Cuboid#
- class pinnx.geometry.Cuboid(xmin, xmax)[source]#
- Parameters:
xmin – Coordinate of bottom left corner.
xmax – Coordinate of top right corner.
- boundary_constraint_factor(x, smoothness='C0+', where=None, inside=True)[source]#
Compute the hard constraint factor at x for the boundary.
This function is used for the hard-constraint methods in Physics-Informed Neural Networks (PINNs). The hard constraint factor satisfies the following properties:
The function is zero on the boundary and positive elsewhere.

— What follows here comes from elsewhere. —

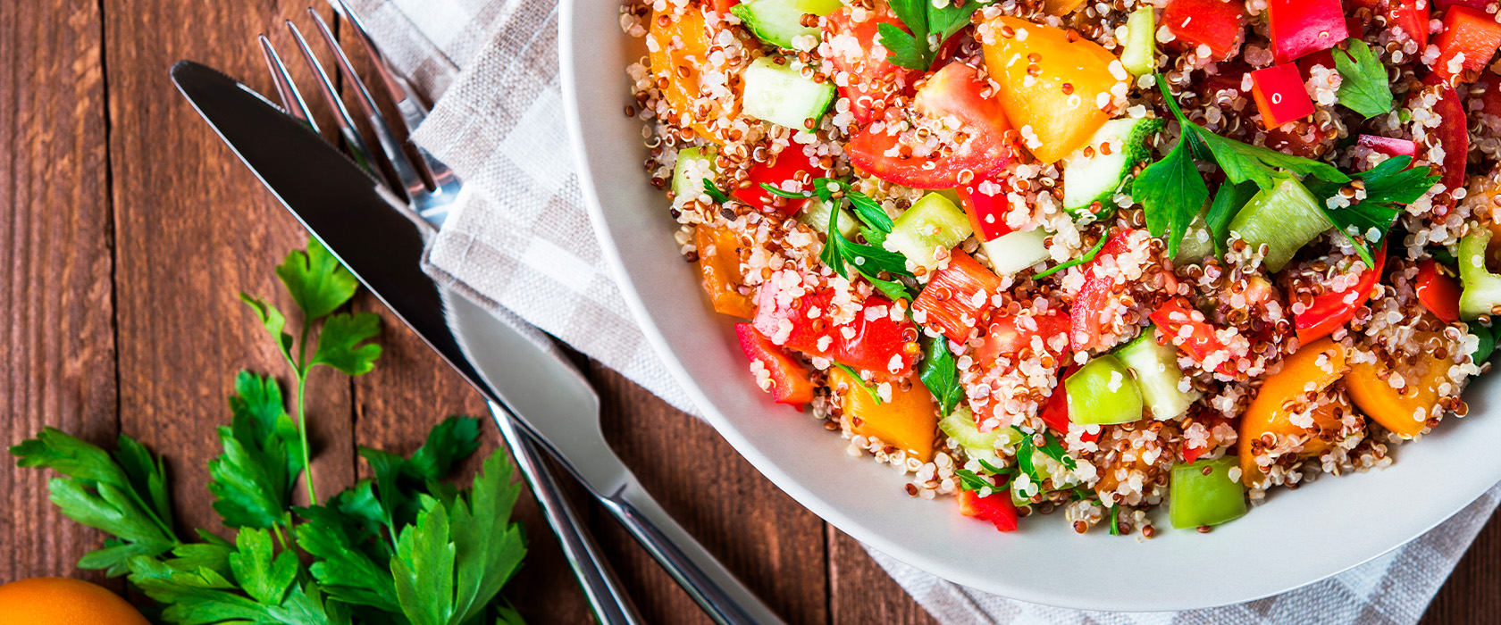 Киноа отварить в течении 25 минут, воду слить. Приготовить заправку: при помощи вилки смешать растительное масло, яблочный уксус и куркуму. Овощи помыть, почистить, мелко нарезать, смешать с заправкой и киноа. Зелень мелко порубить, добавить в салат.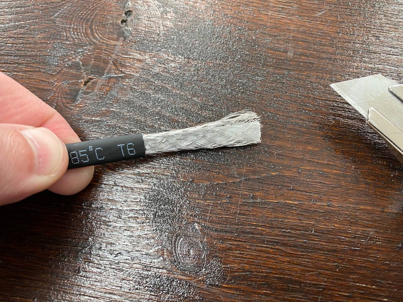 - Теперь мы должны зачистить токоведущие жилы от оплетки и нагревательной матрицы. Если произойдет повреждение провода, просто укоротите его и начните все с начала. Токоведущей жилы нам достаточно 5мм. Делаем небольшой запас на всякий случай.

The function is at least continuous.
In the ansatz boundary_constraint_factor(x) * NN(x) + boundary_condition(x), when x is on the boundary, boundary_constraint_factor(x) will be zero, making the ansatz be the boundary condition, which in turn makes the boundary condition a “hard constraint”.
- Parameters:
x – A 2D array of shape (n, dim), where n is the number of points and dim is the dimension of the geometry. Note that x should be a tensor type of backend (e.g., tf.Tensor or torch.Tensor), not a numpy array.
smoothness (
Literal['C0','C0+','Cinf']) –A string to specify the smoothness of the distance function, e.g., “C0”, “C0+”, “Cinf”. “C0” is the least smooth, “Cinf” is the most smooth. Default is “C0+”.
C0
The distance function is continuous but may not be non-differentiable. But the set of non-differentiable points should have measure zero, which makes the probability of the collocation point falling in this set be zero.
C0+
The distance function is continuous and differentiable almost everywhere. The non-differentiable points can only appear on boundaries. If the points in x are all inside or outside the geometry, the distance function is smooth.
Cinf
The distance function is continuous and differentiable at any order on any points. This option may result in a polynomial of HIGH order.
where (
Optional[Literal['back','front','left','right','bottom','top']]) – A string to specify which part of the boundary to compute the distance. “back”: x[0] = xmin[0], “front”: x[0] = xmax[0], “left”: x[1] = xmin[1], “right”: x[1] = xmax[1], “bottom”: x[2] = xmin[2], “top”: x[2] = xmax[2]. If None, compute the distance to the whole boundary. Default is None.inside (
bool) – The x is either inside or outside the geometry. The cases where there are both points inside and points outside the geometry are NOT allowed. NOTE: currently only support inside=True.
- Returns:
A tensor of a type determined by the backend, which will have a shape of (n, 1). Each element in the tensor corresponds to the computed distance value for the respective point in x.